• Provided data
########
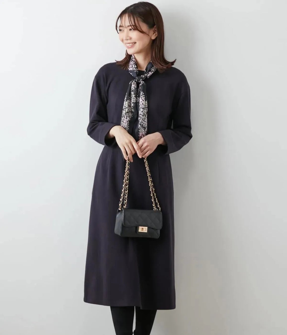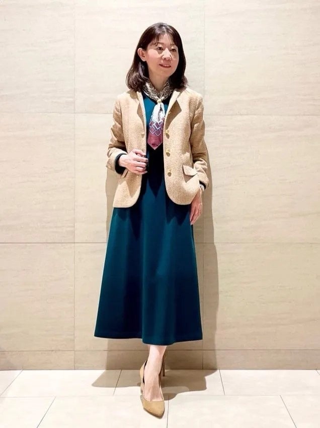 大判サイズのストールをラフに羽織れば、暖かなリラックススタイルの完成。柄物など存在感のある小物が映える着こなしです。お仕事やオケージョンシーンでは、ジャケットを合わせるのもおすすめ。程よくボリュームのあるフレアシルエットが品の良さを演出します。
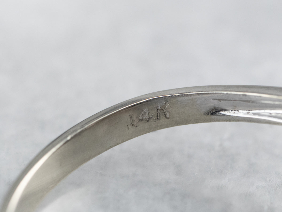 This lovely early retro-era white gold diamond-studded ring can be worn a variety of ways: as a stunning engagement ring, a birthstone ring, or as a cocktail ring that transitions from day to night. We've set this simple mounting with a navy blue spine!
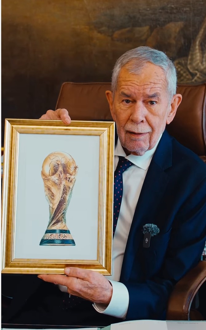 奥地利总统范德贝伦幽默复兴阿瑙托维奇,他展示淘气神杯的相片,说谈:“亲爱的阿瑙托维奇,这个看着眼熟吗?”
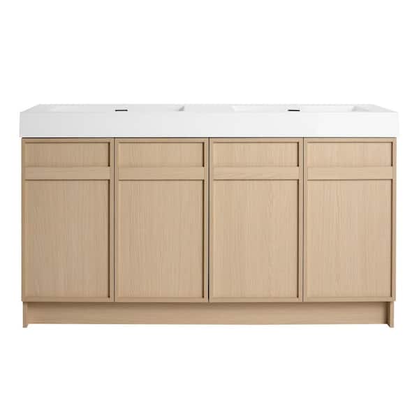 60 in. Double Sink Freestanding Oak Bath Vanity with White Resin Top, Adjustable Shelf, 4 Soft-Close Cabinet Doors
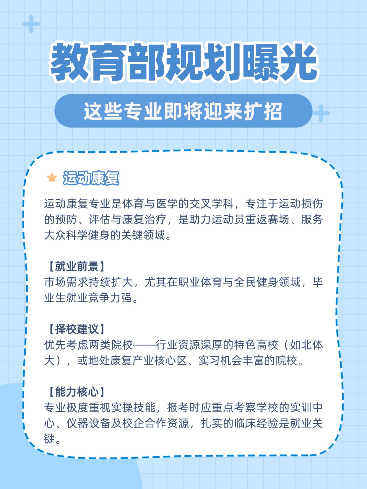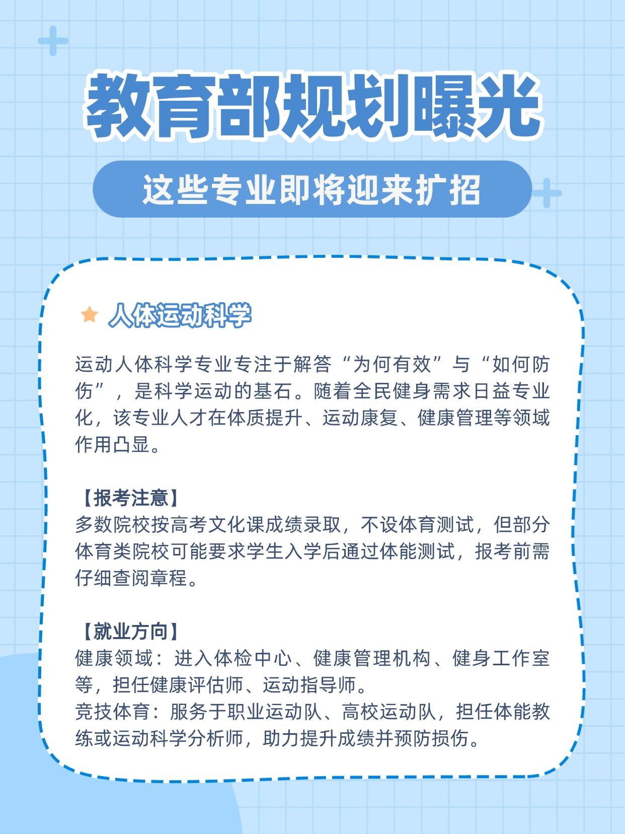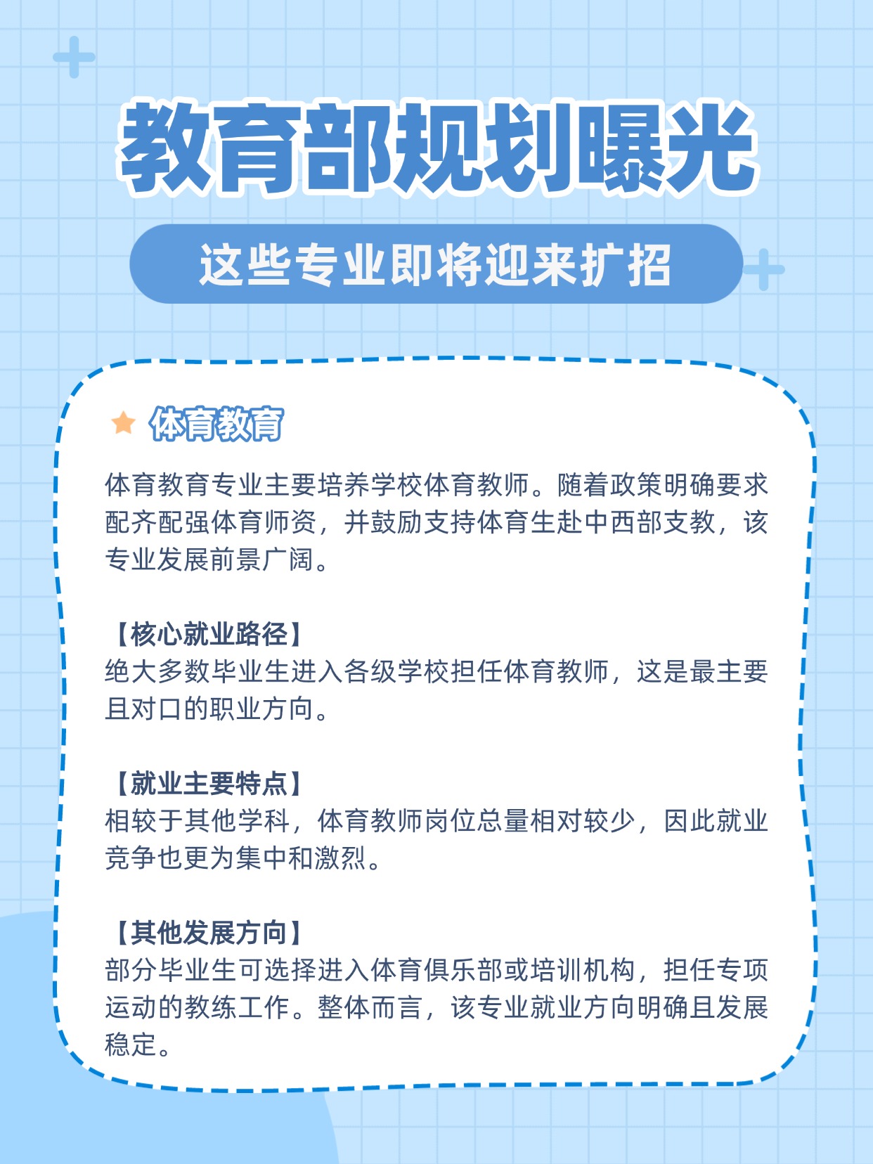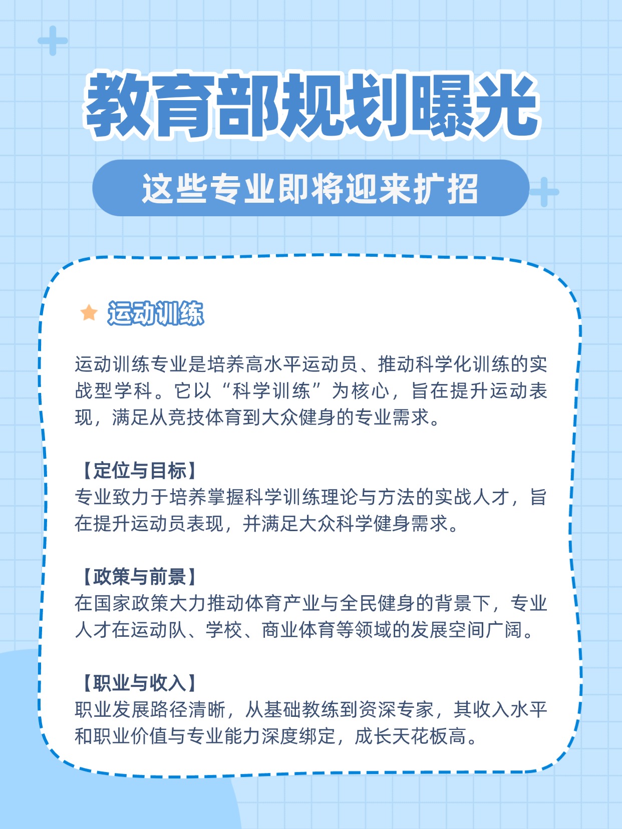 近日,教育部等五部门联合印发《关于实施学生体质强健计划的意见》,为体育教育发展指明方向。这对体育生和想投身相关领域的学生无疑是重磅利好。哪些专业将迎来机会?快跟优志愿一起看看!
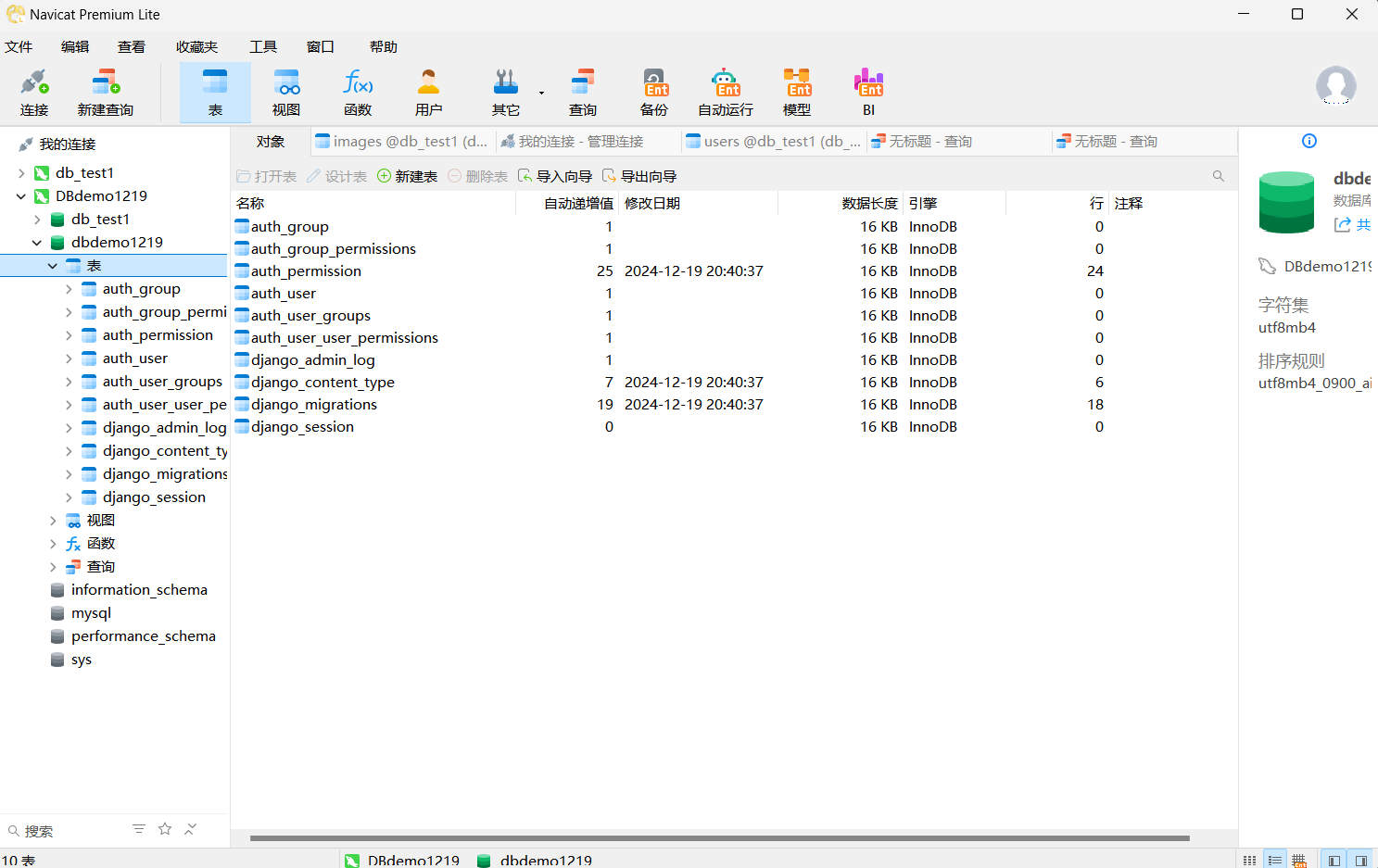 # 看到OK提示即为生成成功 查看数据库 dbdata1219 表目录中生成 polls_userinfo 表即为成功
########
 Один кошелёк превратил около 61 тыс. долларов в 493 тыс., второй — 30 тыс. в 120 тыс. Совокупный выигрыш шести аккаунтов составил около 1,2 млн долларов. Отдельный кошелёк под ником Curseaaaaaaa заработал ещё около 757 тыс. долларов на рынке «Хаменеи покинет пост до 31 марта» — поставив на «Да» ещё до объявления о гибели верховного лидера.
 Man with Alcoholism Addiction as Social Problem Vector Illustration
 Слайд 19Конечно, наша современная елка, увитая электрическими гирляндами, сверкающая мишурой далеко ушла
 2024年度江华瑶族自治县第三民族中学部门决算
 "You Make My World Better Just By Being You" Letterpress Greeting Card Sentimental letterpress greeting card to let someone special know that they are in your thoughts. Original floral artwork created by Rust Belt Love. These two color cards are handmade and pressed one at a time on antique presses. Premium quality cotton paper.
########
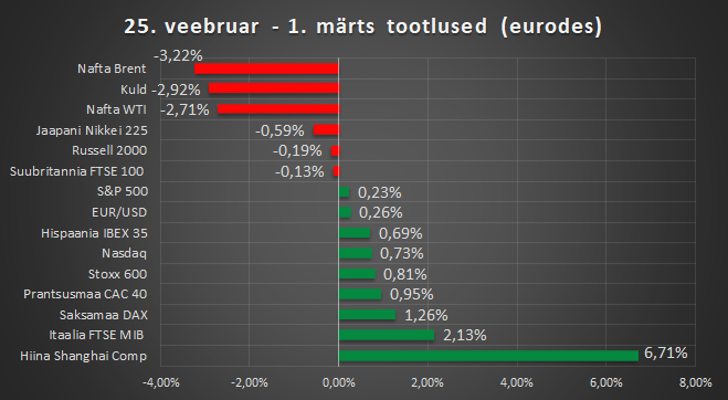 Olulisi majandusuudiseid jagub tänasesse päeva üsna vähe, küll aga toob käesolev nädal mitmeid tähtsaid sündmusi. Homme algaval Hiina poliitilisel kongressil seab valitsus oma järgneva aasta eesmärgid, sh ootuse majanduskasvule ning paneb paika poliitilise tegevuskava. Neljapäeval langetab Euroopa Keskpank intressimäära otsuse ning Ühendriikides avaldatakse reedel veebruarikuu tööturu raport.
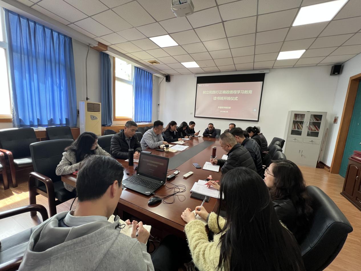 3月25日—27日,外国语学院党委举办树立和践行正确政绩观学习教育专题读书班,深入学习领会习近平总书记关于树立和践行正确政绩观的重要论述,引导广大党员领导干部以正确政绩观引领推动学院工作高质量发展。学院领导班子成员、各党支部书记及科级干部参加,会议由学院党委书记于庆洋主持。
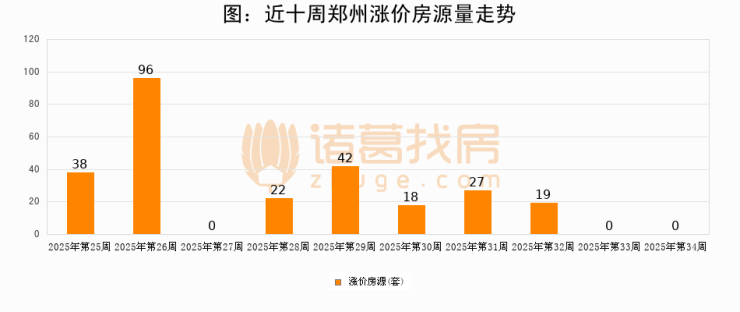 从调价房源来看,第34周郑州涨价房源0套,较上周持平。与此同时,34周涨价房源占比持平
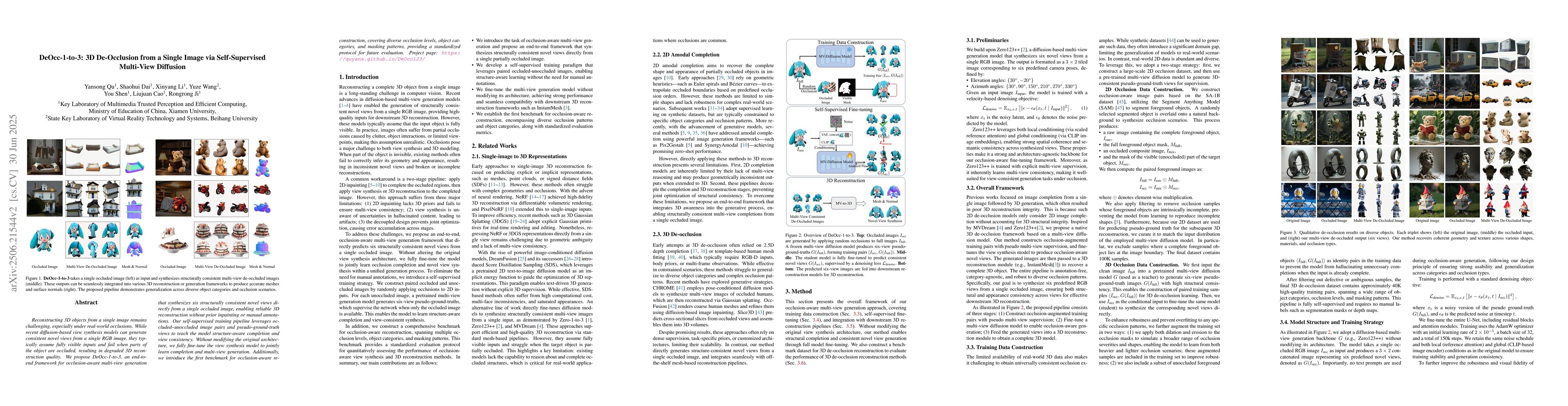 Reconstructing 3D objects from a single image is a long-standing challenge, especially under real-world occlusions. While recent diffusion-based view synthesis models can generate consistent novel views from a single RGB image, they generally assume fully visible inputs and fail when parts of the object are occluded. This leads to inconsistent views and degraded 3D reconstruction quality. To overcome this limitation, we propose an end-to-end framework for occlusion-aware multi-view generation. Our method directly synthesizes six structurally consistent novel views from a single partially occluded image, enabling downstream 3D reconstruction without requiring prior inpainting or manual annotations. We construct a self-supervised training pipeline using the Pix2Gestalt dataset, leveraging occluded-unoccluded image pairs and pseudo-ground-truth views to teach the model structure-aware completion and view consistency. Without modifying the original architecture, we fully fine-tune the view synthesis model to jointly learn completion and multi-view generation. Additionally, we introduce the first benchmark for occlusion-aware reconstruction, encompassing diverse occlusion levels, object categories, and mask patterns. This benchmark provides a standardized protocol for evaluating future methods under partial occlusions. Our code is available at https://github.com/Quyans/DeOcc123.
########
• Task
Excluding any pictures, print exactly the lines of the listing above from the line with "大判サイズのストールをラフに" to the line with "60 in. Double", both ends included.

• Answer to this exercise
 大判サイズのストールをラフに羽織れば、暖かなリラックススタイルの完成。柄物など存在感のある小物が映える着こなしです。お仕事やオケージョンシーンでは、ジャケットを合わせるのもおすすめ。程よくボリュームのあるフレアシルエットが品の良さを演出します。
 This lovely early retro-era white gold diamond-studded ring can be worn a variety of ways: as a stunning engagement ring, a birthstone ring, or as a cocktail ring that transitions from day to night. We've set this simple mounting with a navy blue spine!
 奥地利总统范德贝伦幽默复兴阿瑙托维奇,他展示淘气神杯的相片,说谈:“亲爱的阿瑙托维奇,这个看着眼熟吗?”
 60 in. Double Sink Freestanding Oak Bath Vanity with White Resin Top, Adjustable Shelf, 4 Soft-Close Cabinet Doors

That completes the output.